Task instructions
Using the listing below, give again exactly the lines from the line with "Product Details: Crimson" to the line with "Remove the excess", inclusive, without the pictures.
** Opening Records for the task block **
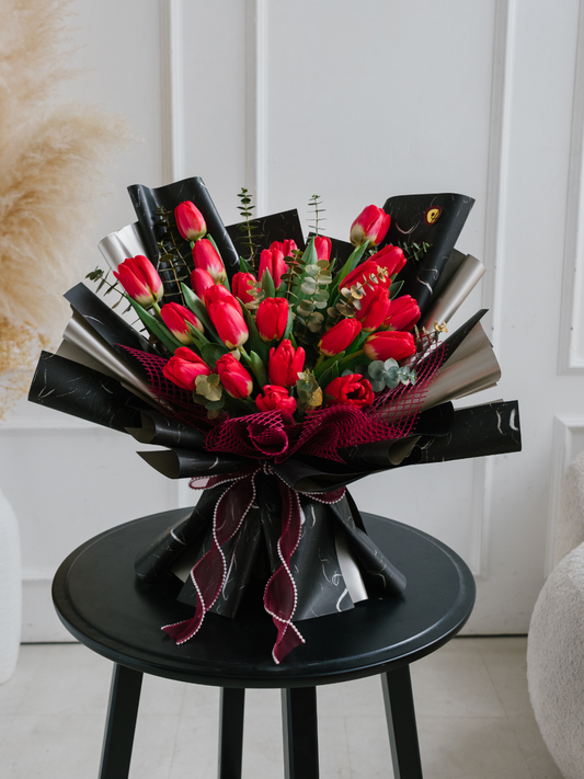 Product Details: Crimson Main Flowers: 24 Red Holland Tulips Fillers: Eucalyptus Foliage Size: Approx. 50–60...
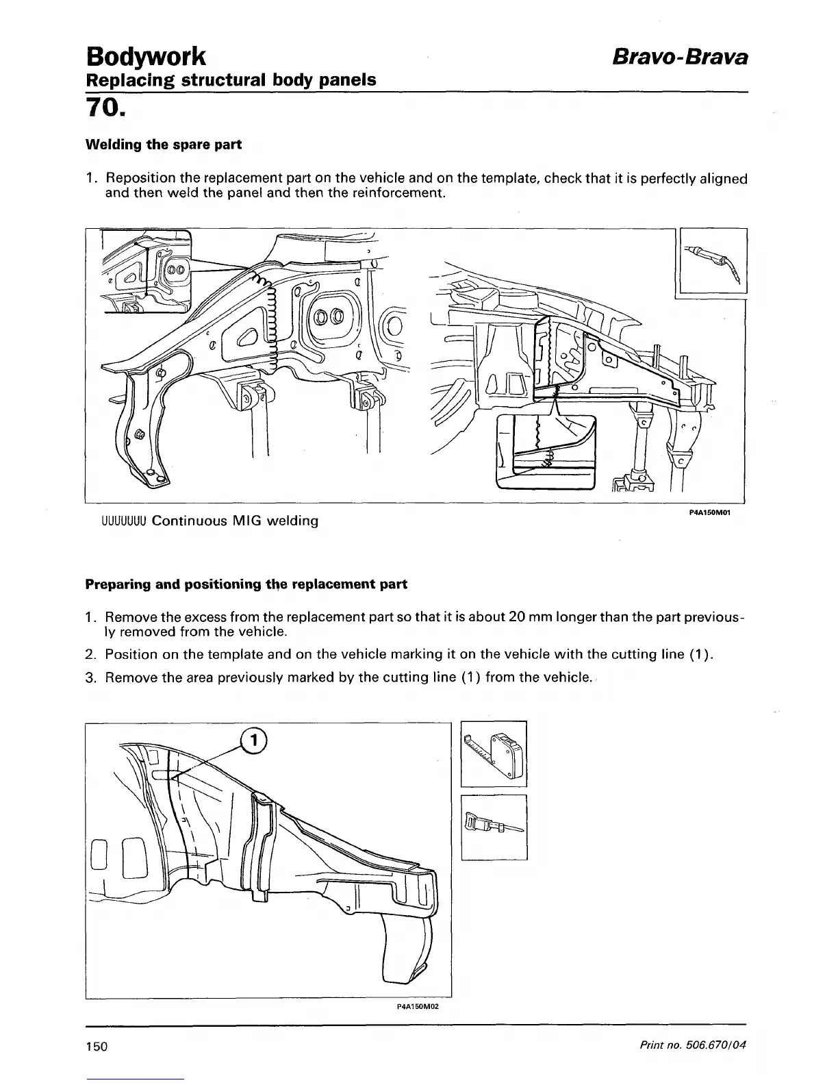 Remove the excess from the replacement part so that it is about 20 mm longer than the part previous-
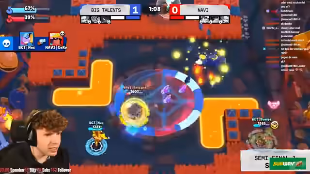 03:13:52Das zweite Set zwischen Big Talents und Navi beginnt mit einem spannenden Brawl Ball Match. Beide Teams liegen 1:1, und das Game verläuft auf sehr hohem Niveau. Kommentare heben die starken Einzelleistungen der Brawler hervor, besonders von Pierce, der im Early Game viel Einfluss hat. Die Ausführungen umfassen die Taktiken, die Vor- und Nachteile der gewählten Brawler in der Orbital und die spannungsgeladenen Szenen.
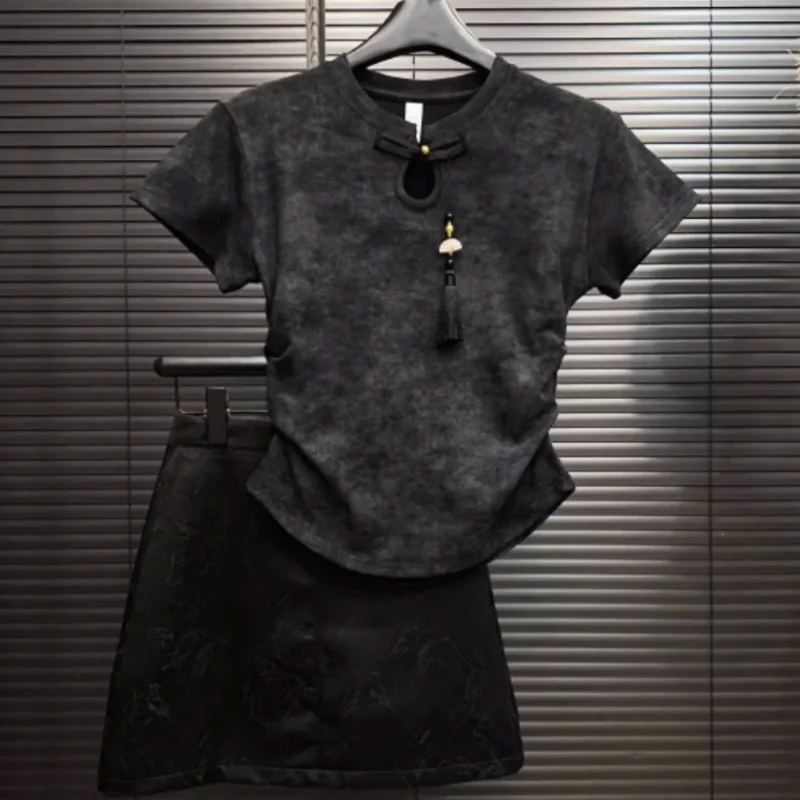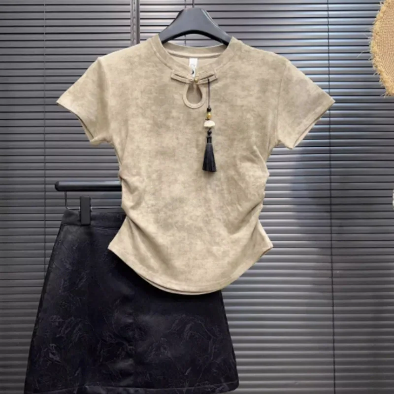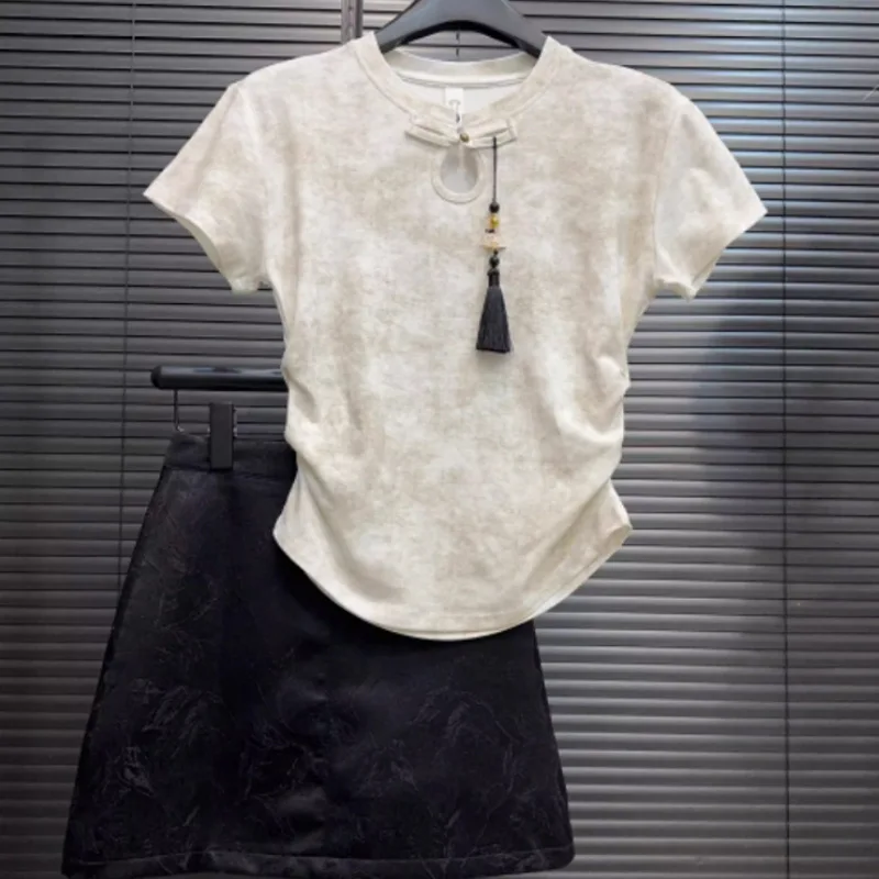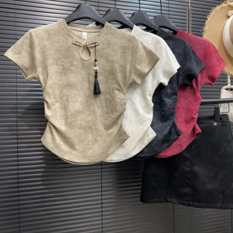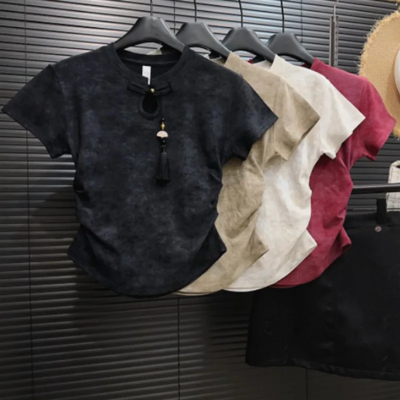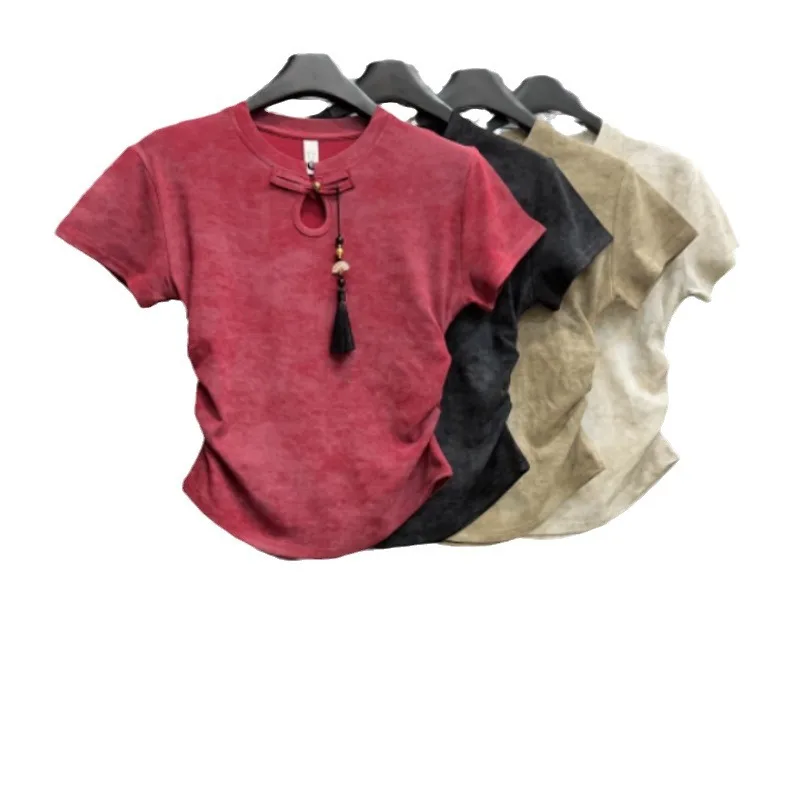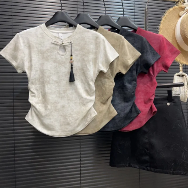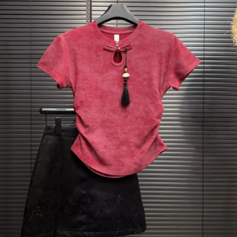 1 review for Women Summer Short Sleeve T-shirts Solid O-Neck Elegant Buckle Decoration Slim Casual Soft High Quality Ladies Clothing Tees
** Closing Records for the task block **
** Opening Records for the task block **
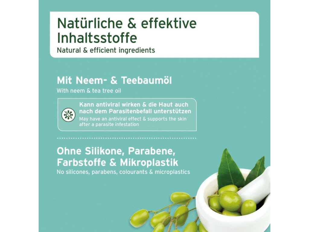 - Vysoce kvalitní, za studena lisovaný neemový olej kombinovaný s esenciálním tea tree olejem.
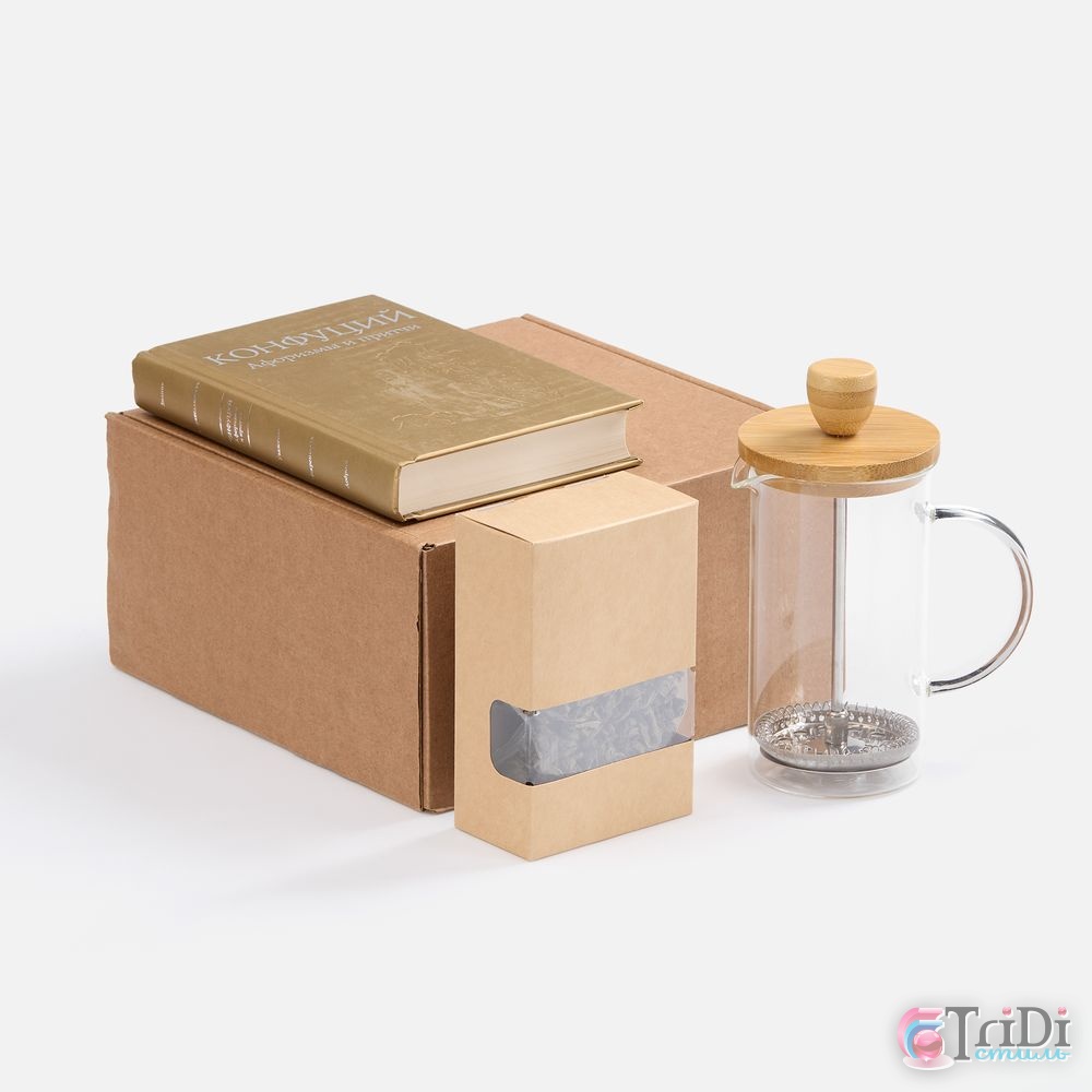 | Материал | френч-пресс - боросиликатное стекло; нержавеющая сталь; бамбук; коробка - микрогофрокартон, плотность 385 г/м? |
** Closing Records for the task block **
Solution for this task
 Product Details: Crimson Main Flowers: 24 Red Holland Tulips Fillers: Eucalyptus Foliage Size: Approx. 50–60...
 Remove the excess from the replacement part so that it is about 20 mm longer than the part previous-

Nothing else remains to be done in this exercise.